# express deals



## manderson (Dec 22, 2011)

I've been watching the Express Deal prices for about a year now and notice that while availability changes throughout the year, the prices remain the same. Today's posting of 2-person cabin deals (Toronto to Vancouver) is about double what it has been. Major bummer if they're raising prices, as I've been planning on snagging a 1-person cabin at an Express Deal in January or February, for a bucket list trip from Toronto to Vancouver. An extra $500 is a big jump. Anybody know if this is a permanent increase?


----------



## pennyk (Dec 22, 2011)

I, too, am disappointed to see the price increase. Although I did the Toronto to Vancouver trip in December for the great price, I loved the trip so much that i was considering doing it again next year if express deals were offered.

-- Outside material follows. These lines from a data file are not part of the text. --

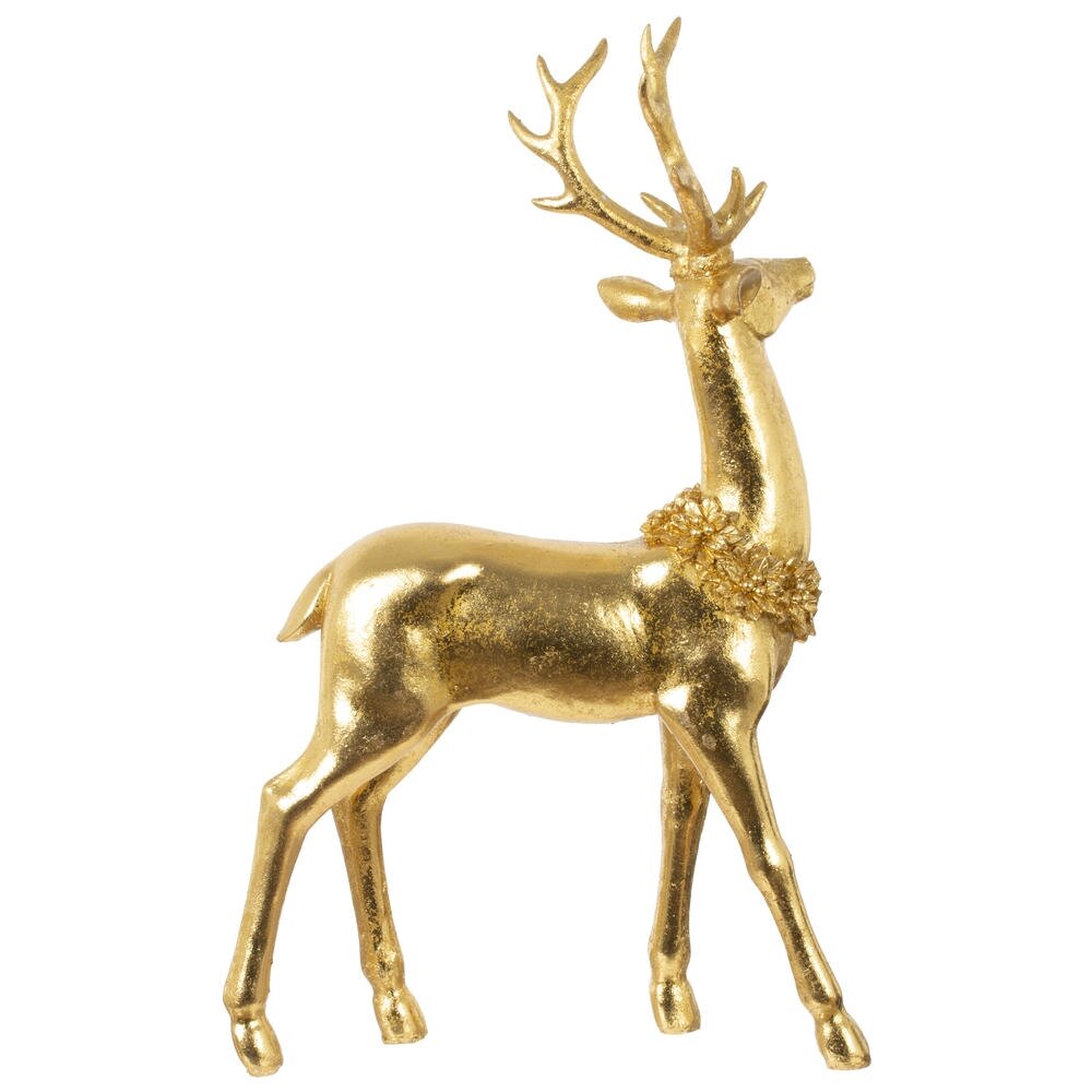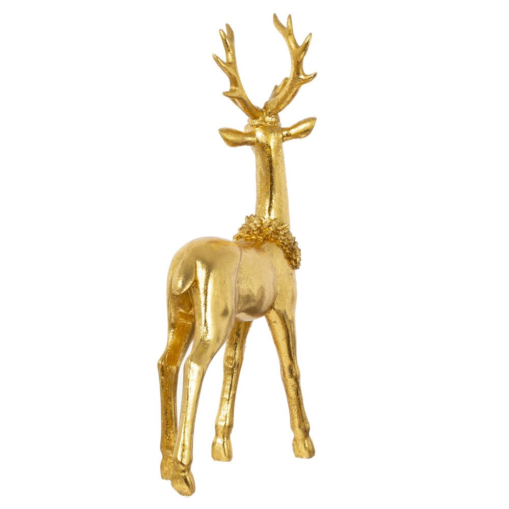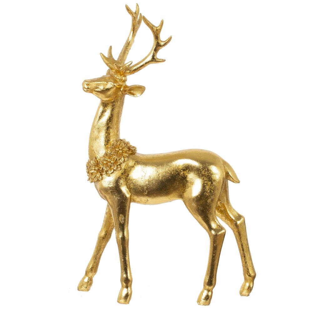 Декоративная фигурка "Олень" — изысканное новогоднее украшение, которое добавит в интерьер атмосферу уюта и волшебства. Выполненный в элегантном золотом цвете, олень символизирует благородство и зимние праздники. Нарядный венок на шее придаёт композиции праздничное настроение и завершённый образ. Такая фигурка станет ярким акцентом на камине, полке, под ёлкой или в новогодней композиции на столе. Благодаря стильному дизайну и универсальному цвету, она легко впишется в любой интерьер — от классики до современного минимализма. Это не просто элемент декора, а настоящий символ тепла, гармонии и ожидания чуда. Подходит для подарка родным, друзьям или коллегам, ведь такие детали создают ту самую праздничную атмосферу, которую мы ждём весь год.
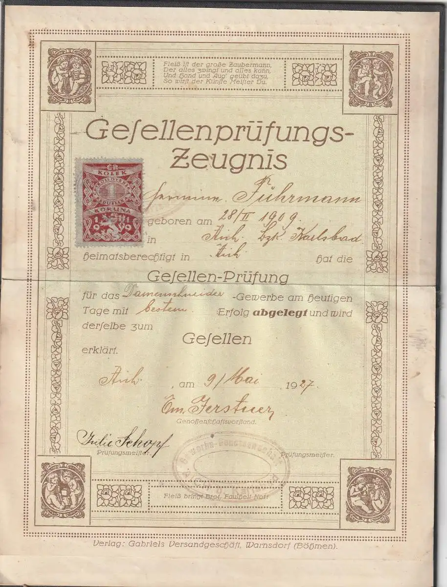 Titel: BÖHMEN & MÄHREN - KARLSBAD - AICH / KARLOVA VARY - DOUBI, Lehr- und Gesellenzeugnis für Damenschneider 1927
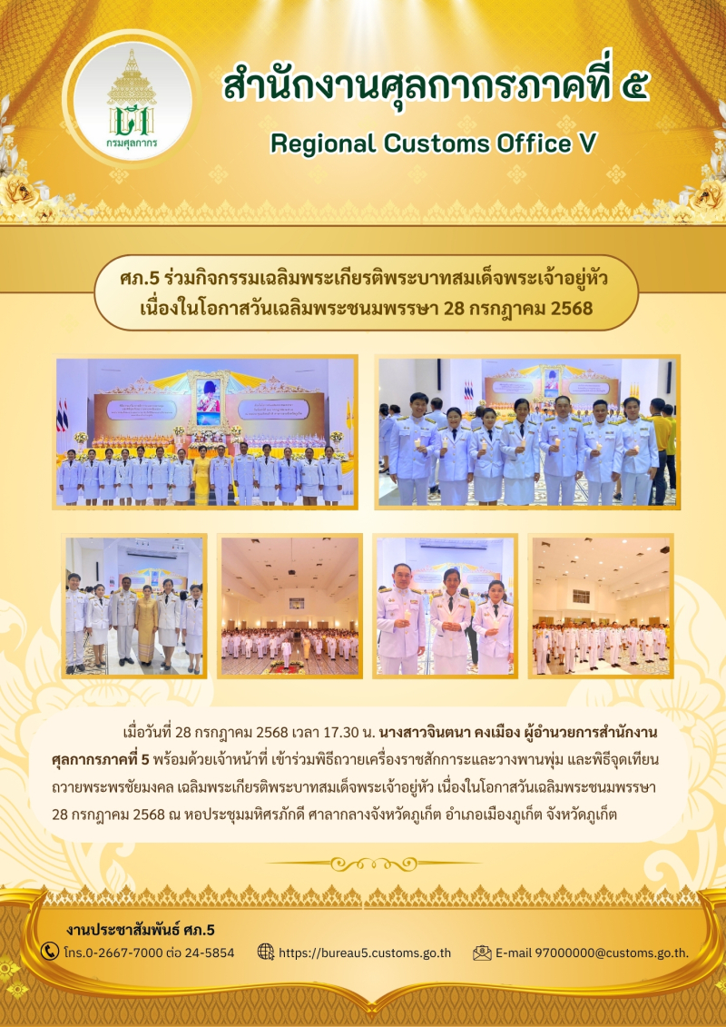 ศภ.5 ร่วมกิจกรรมเฉลิมพระเกียรติพระบาทสมเด็จพระเจ้าอยู่หัว เนื่องในโอกาสวันเฉลิมพระชนมพรรษา 28 กรกฎาคม 2568
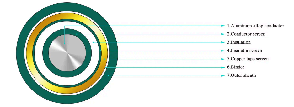 ·كابل طاقة عازل أحادي النواة من مادة XLPE للجهد المقدر من 3.6/6 كيلو فولت~26/35 كيلو فولت

I do not know the answer to your question, but my guess is that VIA must think that they can sell the rooms at that price. Possibly the prices will go down after holiday travel has been completed or if the rooms do not sell at that price.

All the 2 person rooms were sold on my December trip, but some one person rooms, and berths were vacant.


----------



## Blackwolf (Dec 22, 2011)

I wonder if the price increase has any relation with the "upgrading" of sleeper to the new "Plus" class that has the enhanced rooms? You know, the ones with the TV's, fresh leather interiors and the price of food included?

Just a hunch... If an express deal came out right around the beginning of March for a cabin for two with the old price, I'd be seriously tempted to pounce on it and change my AGR redemption trip via the ML-LSL-EB to and travel The Canadian instead!


----------